第55代内閣総理大臣 石橋 湛山氏のことである。彼を誹謗するつもりではないのは理解いただきたい。岸 信介氏との派閥抗争で、連立派閥を組み自民党総裁となり、第55代内閣総理大臣となった石橋 湛山氏は、現職の総理大臣であると同時に、日蓮宗の現職の僧侶で「大講頭」という僧階にいた。そして、総理大臣に就任したことで、日蓮宗から「権大僧正」の僧階を与えられた。ちなみに「権大僧正」は僧階としては、2番目に高い位である。


石橋氏は、総理大臣の地位に就いたが、体調不良のため総理大臣としての職務を行なえず、「職務を行なえない私がこの地位にいるのは間違っている」として就任から50日ほどで総理大臣、自民党総裁を辞任、その後岸 信介が総理大臣となったという歴史がある。


「宗教と政治は切り離さなければならない」と誤った認識をしている人は、この石橋 湛山氏が総理大臣の地位にあったことをどう評価するのだろうか?なぜこの石橋 湛山氏のことを提示して、マスコミは「政教分離の原則」の正しい解釈を伝えないのだろうか?私にとっては不思議でしょうがない。


石橋氏が総理大臣となったことは、「政教分離の原則」とは相違しないと私は考えている。「政教分離の原則」は「宗教者は政治に口を出してはいけない」という意味ではなく、「政治が特定の宗教に特権を与えてはならない」ということである。

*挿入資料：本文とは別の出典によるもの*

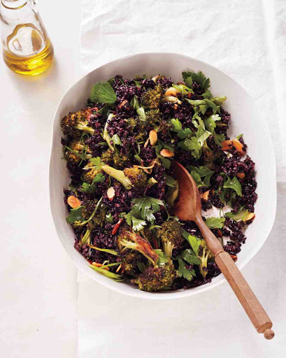 Meanwhile, preheat oven to 425 degrees. On a rimmed baking sheet, toss broccoli and garlic with 2 tablespoons oil. Season with 1/4 teaspoon salt and pepper. Roast, stirring once, until tender, about 20 minutes. Remove and reserve garlic; transfer broccoli to bowl with rice.
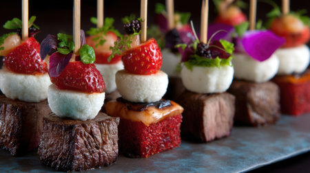 A stunning display of gourmet appetizers featuring fresh strawberries, cheese, and savory beef on skewers, ideal for upscale events.

なので、日蓮宗の現職の高僧が総理大臣の座に就いたとしても、そのことは憲法違反でも何でもない、全く問題のないことである。さらに言えば、自身の体調不良を理由に、速やかにその座から降りた、というのは彼の宗教的倫理観による潔さを反映しているのかもしれない。


一方で、平成の天皇が即位した際に、一部キリスト教団などが訴えを起こしていたが、天皇即位の際の神事、新嘗祭などに国費を出すのは「政教分離の原則」に反する、という訴え、その訴えのほうがより正しく「政教分離の原則」を反映していると思われる(「神道」という宗教に政治的特権を与えている、と解釈されてもおかしくはないだろう)。


大日本帝国憲法でも一応「信教の自由」はうたわれていたが、特に太平洋戦争時代、信教の自由は反故とされていた。神道を実質の国教(国家神道)とし、既存の宗教団体に対して、大麻(神札)を祀ることを強制し、それを拒否する教団や、それを受け入れても、教義上、国家神道を脅かす教団に対しては「不敬罪」と「治安維持法」で検挙し、多くの人たちが弾圧、拷問を受け、少なくない人が獄死をしているのは歴史上の事実である。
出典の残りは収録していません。